* **THE TASK**: Using the material below, print a verbatim copy of every line from the one containing "Zobraziť väčší obrázok" through the one containing "LED プッシュライト3個セット リモコン付き", inclusive, and omit the pictures.
----- RECORDS PROVIDED -----
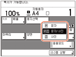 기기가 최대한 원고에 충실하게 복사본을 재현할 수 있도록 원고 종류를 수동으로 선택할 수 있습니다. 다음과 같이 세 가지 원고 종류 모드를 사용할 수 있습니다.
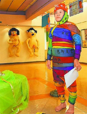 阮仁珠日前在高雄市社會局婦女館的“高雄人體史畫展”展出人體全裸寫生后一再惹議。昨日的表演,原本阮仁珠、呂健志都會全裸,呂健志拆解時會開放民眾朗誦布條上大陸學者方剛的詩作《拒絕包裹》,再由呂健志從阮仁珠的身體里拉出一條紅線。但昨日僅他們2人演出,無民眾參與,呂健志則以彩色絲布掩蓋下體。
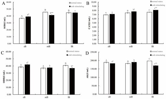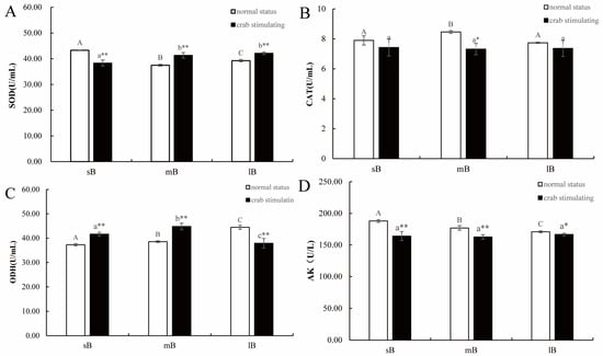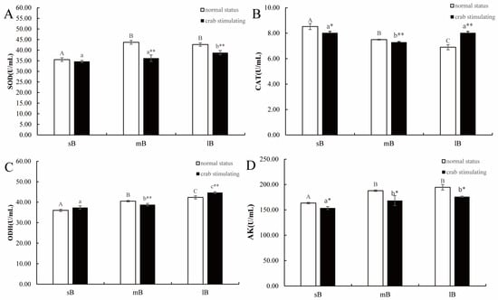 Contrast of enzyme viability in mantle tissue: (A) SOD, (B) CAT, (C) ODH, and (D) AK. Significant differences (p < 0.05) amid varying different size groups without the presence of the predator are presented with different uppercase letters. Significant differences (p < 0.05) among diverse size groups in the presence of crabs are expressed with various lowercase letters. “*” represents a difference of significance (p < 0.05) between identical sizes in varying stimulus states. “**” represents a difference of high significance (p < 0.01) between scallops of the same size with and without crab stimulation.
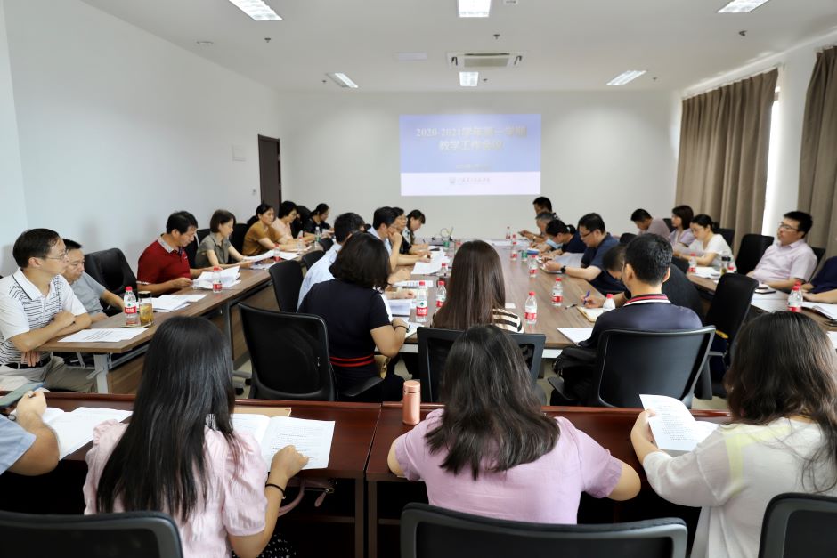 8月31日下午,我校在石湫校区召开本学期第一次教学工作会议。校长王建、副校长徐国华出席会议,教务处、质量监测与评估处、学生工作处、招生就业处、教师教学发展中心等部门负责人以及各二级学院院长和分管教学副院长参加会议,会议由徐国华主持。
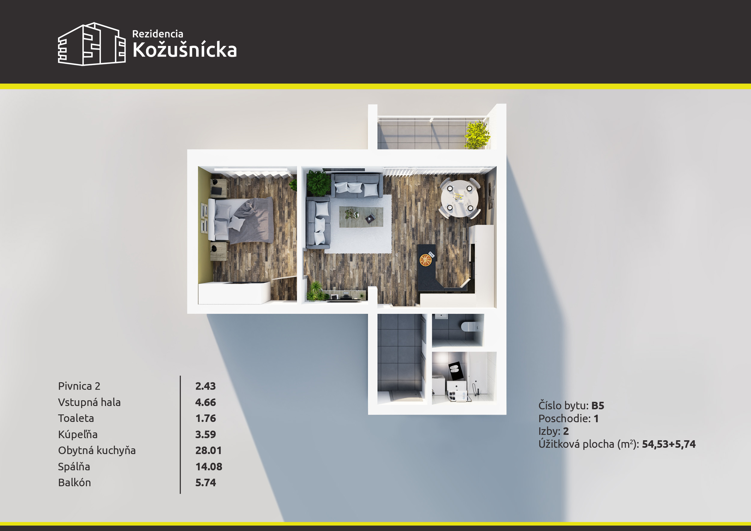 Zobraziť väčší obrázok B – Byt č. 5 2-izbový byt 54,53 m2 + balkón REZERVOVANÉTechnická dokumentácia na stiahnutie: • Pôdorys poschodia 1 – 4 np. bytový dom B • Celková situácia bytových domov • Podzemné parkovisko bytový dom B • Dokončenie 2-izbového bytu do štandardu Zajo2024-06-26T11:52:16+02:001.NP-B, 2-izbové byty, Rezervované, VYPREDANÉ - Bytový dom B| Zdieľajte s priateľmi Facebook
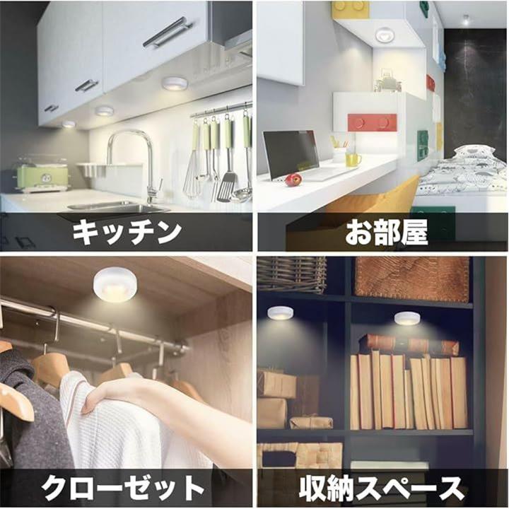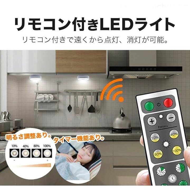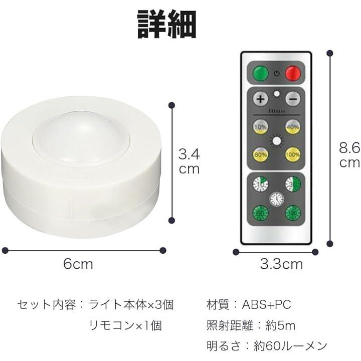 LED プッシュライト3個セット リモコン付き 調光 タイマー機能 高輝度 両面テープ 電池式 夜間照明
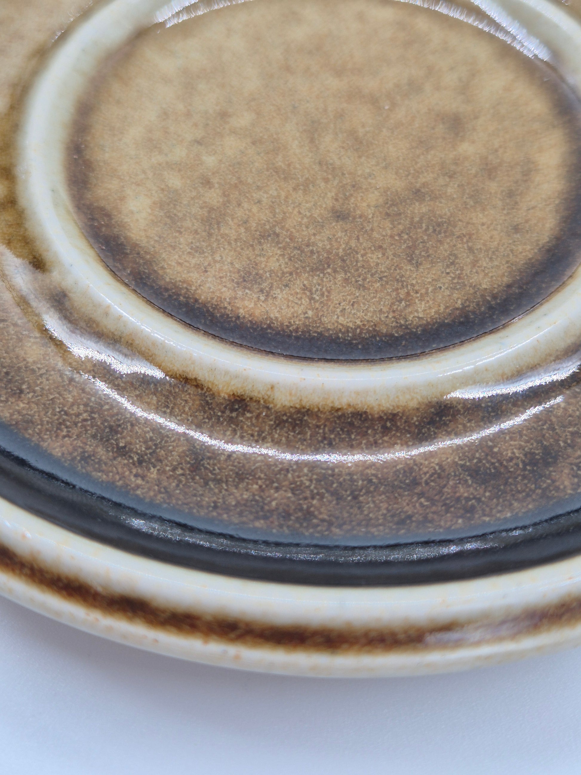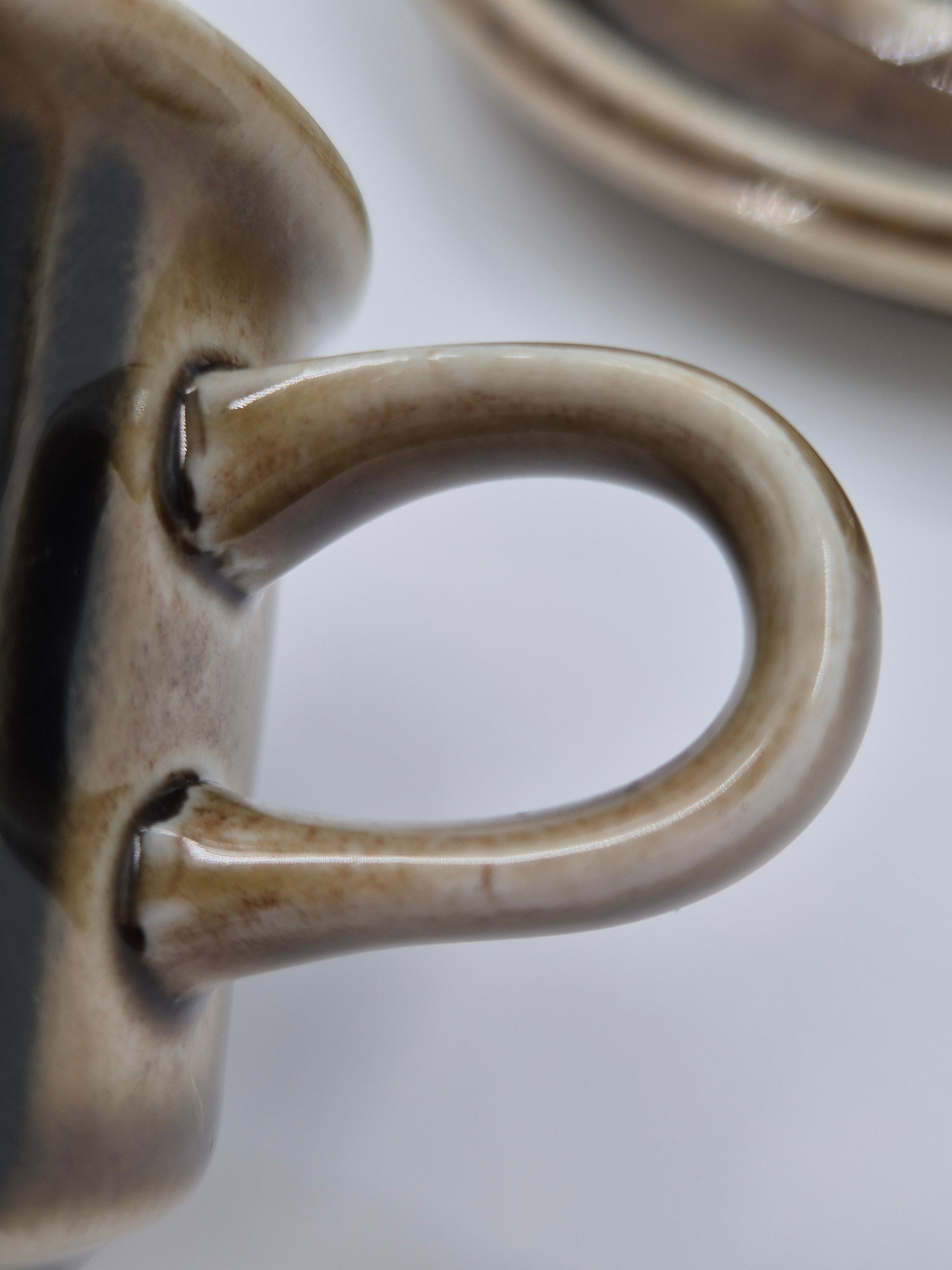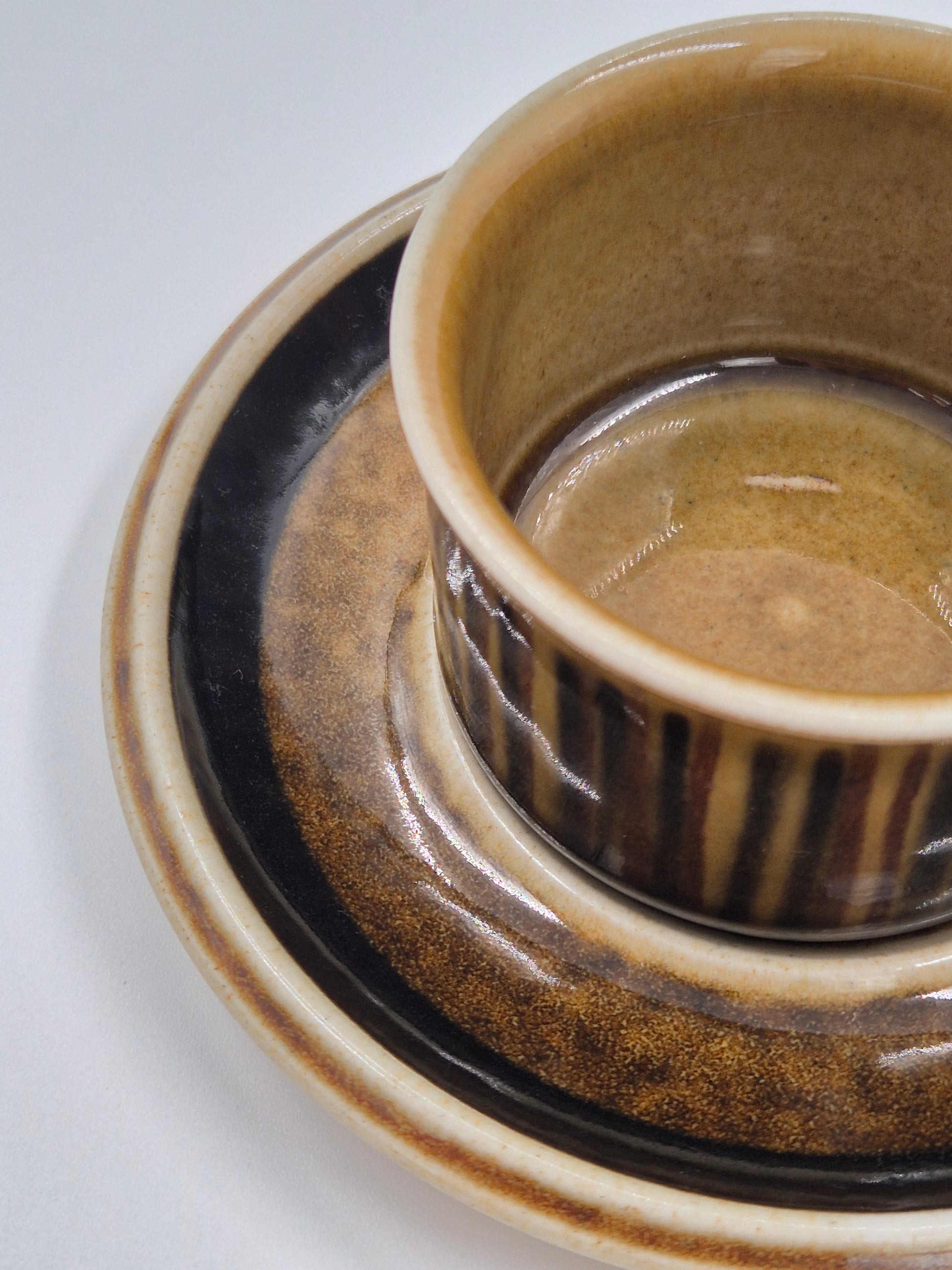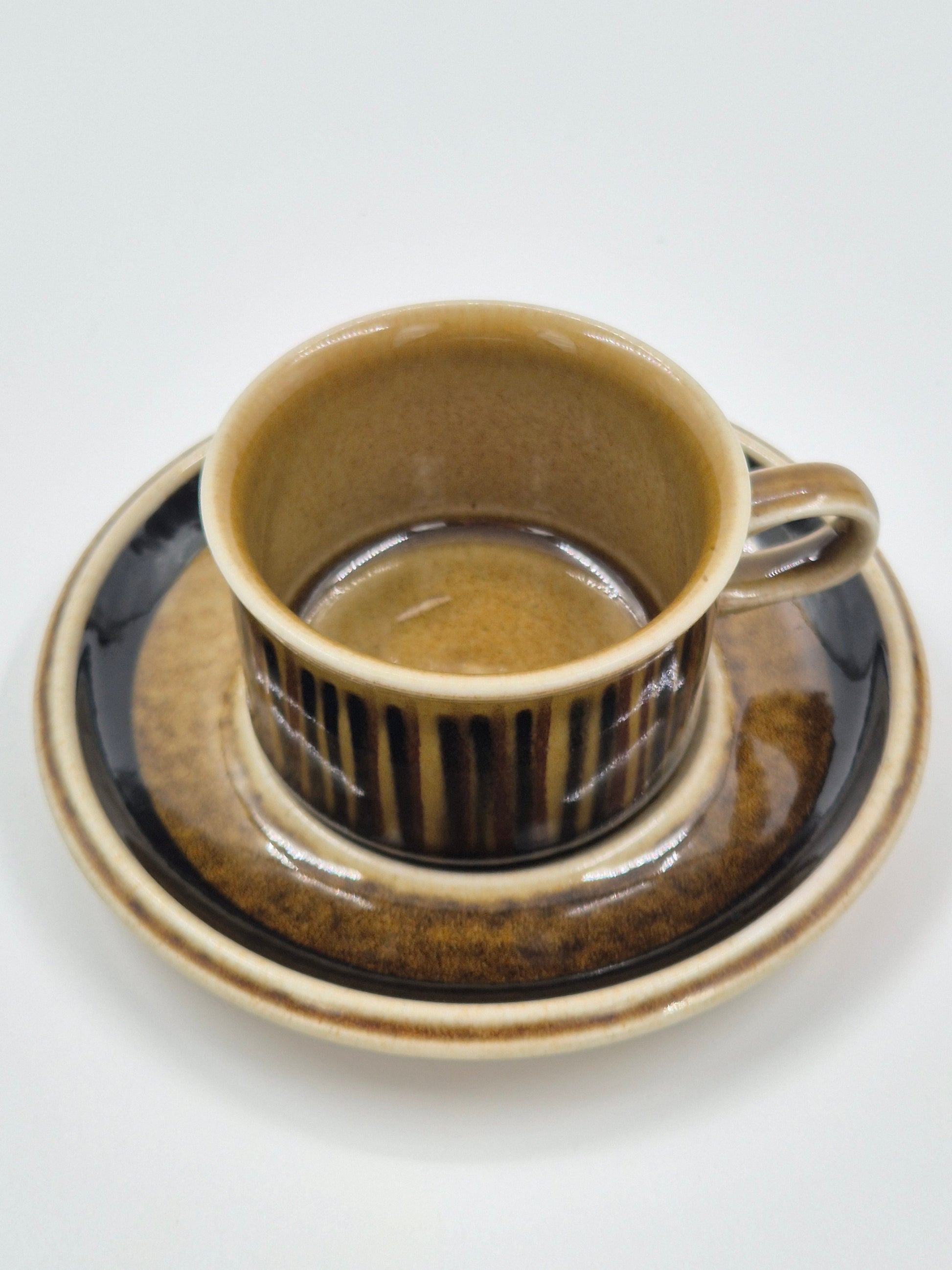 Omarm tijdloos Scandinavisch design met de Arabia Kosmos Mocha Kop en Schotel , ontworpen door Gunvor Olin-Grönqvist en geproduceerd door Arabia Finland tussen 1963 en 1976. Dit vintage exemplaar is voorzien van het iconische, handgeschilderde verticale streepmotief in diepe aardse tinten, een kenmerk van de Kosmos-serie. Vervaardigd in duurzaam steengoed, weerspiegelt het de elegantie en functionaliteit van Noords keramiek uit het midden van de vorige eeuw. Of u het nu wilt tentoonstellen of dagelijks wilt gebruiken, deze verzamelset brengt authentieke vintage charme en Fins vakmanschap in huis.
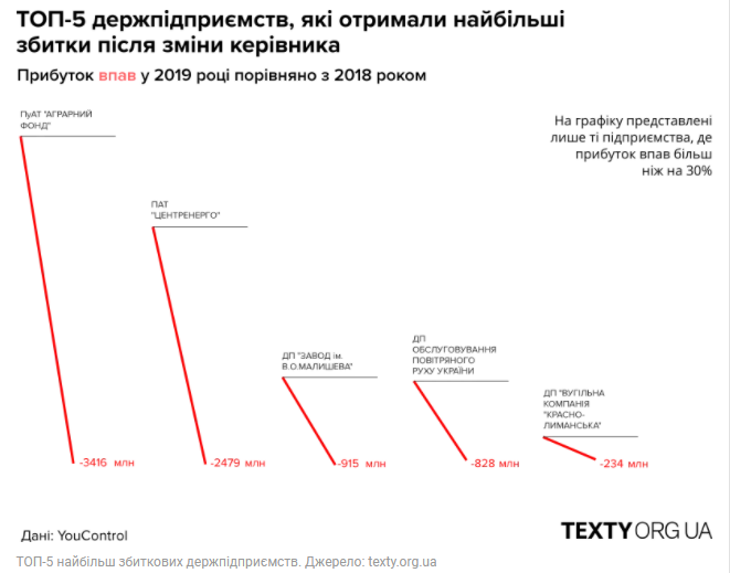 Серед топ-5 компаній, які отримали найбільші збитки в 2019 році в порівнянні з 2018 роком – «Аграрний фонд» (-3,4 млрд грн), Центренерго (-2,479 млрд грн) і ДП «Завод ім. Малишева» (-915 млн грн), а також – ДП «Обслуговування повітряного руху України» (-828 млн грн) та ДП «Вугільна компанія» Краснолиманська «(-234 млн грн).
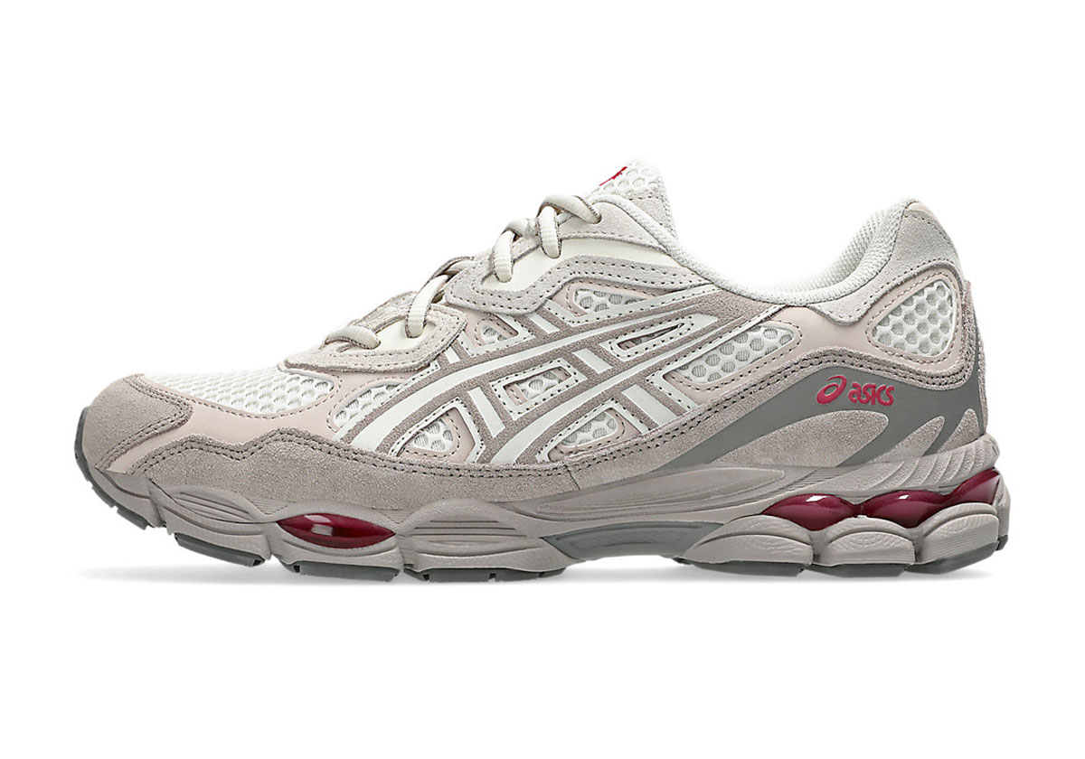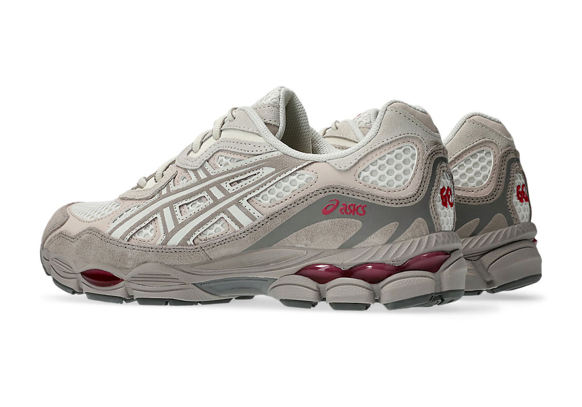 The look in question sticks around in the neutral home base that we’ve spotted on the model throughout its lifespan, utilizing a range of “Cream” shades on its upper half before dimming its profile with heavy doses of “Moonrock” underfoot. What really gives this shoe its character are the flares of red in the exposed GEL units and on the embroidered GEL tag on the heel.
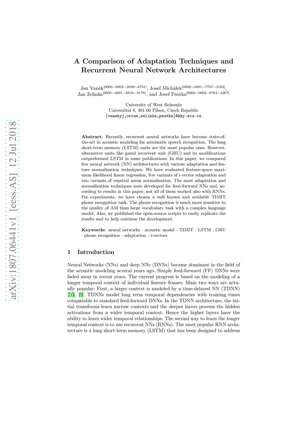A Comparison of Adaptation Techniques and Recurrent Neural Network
-----
* **TASK ANSWER**:
 Zobraziť väčší obrázok B – Byt č. 5 2-izbový byt 54,53 m2 + balkón REZERVOVANÉTechnická dokumentácia na stiahnutie: • Pôdorys poschodia 1 – 4 np. bytový dom B • Celková situácia bytových domov • Podzemné parkovisko bytový dom B • Dokončenie 2-izbového bytu do štandardu Zajo2024-06-26T11:52:16+02:001.NP-B, 2-izbové byty, Rezervované, VYPREDANÉ - Bytový dom B| Zdieľajte s priateľmi Facebook
 LED プッシュライト3個セット リモコン付き 調光 タイマー機能 高輝度 両面テープ 電池式 夜間照明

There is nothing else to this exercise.